- [About this task] Would you restate every entry that follows, word for word, and leave out the pictures?

- [Available data]
━━━━━━━━

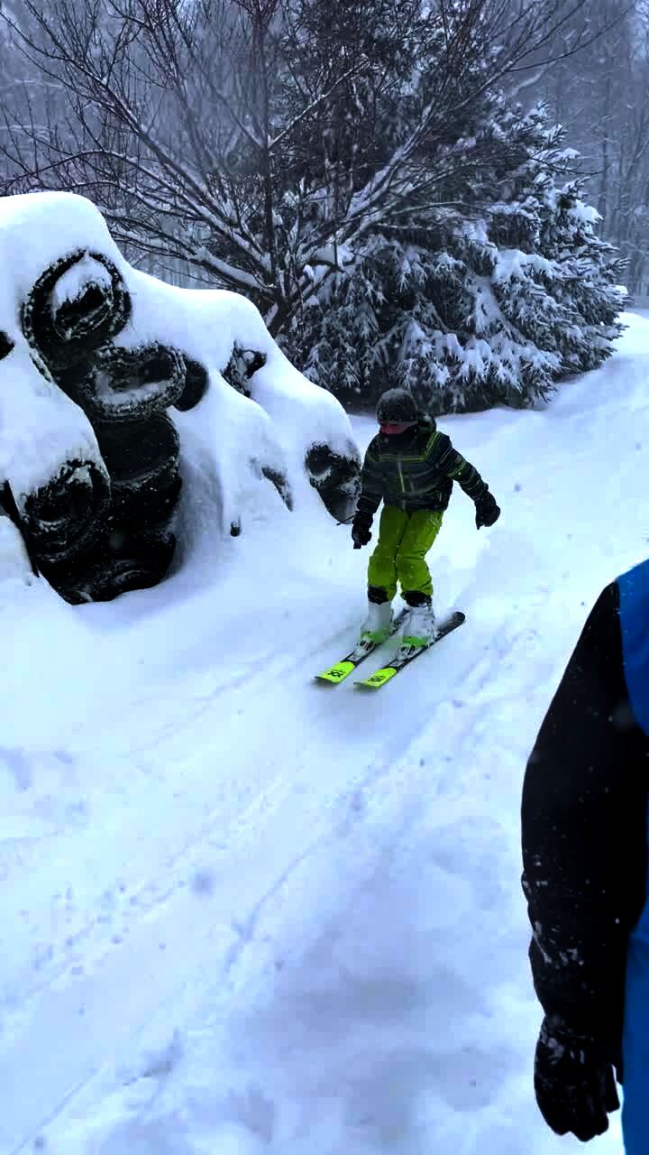 A teen boy on skis tries to do a backflip off a snow jump and lands on his neck in a yard.
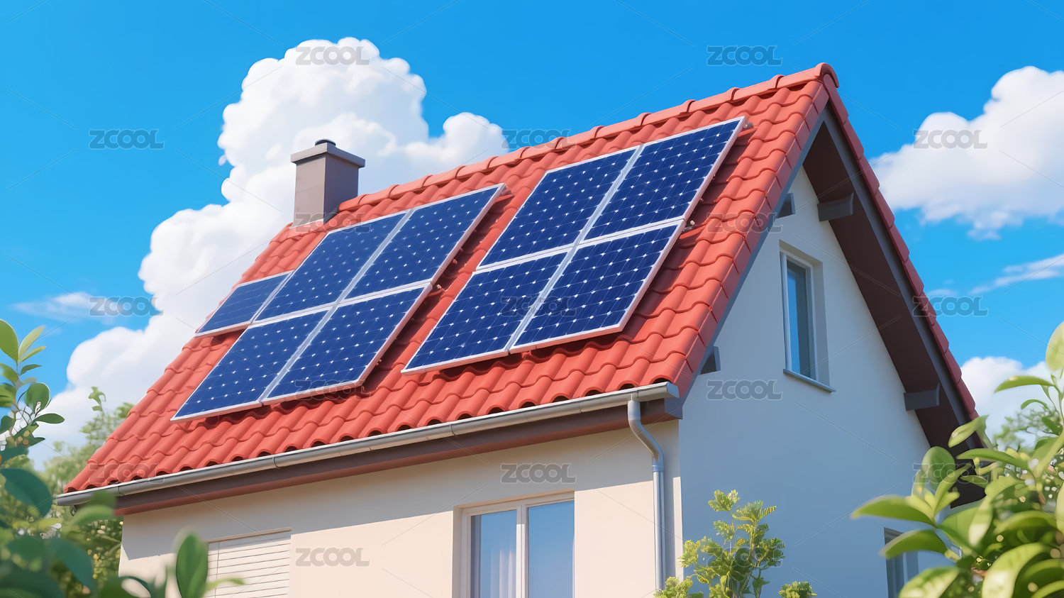 带有太阳能板的红色屋顶房屋
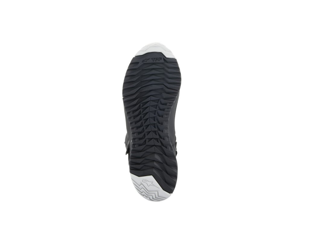 - Odolná, ľahká a flexibilná podrážka s hrubším dezénom, identická s modelom CR-X, má flexibilný mostík TPF (Transversal Protection Frame) a vnútorné vystuženie. Poskytuje oporu a ochranu chodidla počas jazdy v kombinácii s flexibilitou, vďaka ktorej sa v topánke pohodlne chodí.
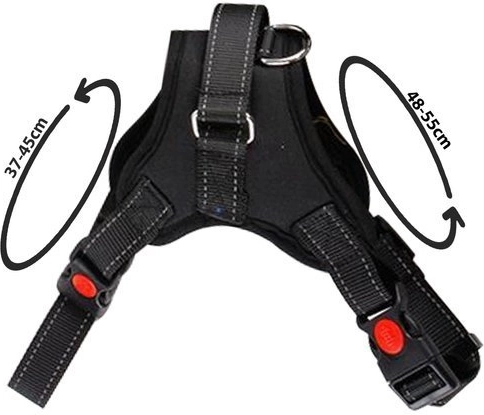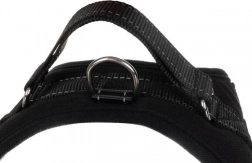 A hám könnyen beállítható a nyak- és mellkas körfogatára. A blokkolással ellátott gyorskioldós csatok biztos rögzítést nyújtanak, míg a fényvisszaverő varrások növelik a láthatóságot szürkületben. A praktikus felső fogantyú segít a kutya kontrollálásában nehéz helyzetekben, a fém D-gyűrű pedig a póráz biztonságos rögzítésére szolgál.
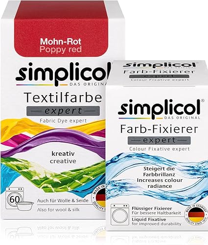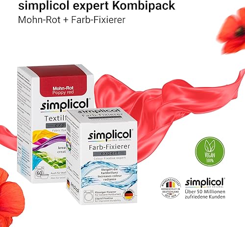 simplicol : Kit Complet Teinture Expert + fixateur : Votre Teinture Express (Paquet 300g + Flacon 90ml) - Rouge Coquelicot
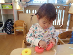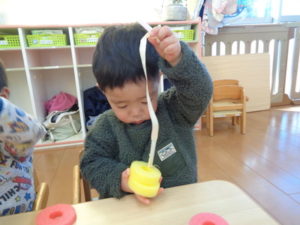りんごの型と、リングを真剣な顔をして、一生懸命に通して、

━━━━━━━━

- [Written solution]
 A teen boy on skis tries to do a backflip off a snow jump and lands on his neck in a yard.
 带有太阳能板的红色屋顶房屋
 - Odolná, ľahká a flexibilná podrážka s hrubším dezénom, identická s modelom CR-X, má flexibilný mostík TPF (Transversal Protection Frame) a vnútorné vystuženie. Poskytuje oporu a ochranu chodidla počas jazdy v kombinácii s flexibilitou, vďaka ktorej sa v topánke pohodlne chodí.
 A hám könnyen beállítható a nyak- és mellkas körfogatára. A blokkolással ellátott gyorskioldós csatok biztos rögzítést nyújtanak, míg a fényvisszaverő varrások növelik a láthatóságot szürkületben. A praktikus felső fogantyú segít a kutya kontrollálásában nehéz helyzetekben, a fém D-gyűrű pedig a póráz biztonságos rögzítésére szolgál.
 simplicol : Kit Complet Teinture Expert + fixateur : Votre Teinture Express (Paquet 300g + Flacon 90ml) - Rouge Coquelicot
りんごの型と、リングを真剣な顔をして、一生懸命に通して、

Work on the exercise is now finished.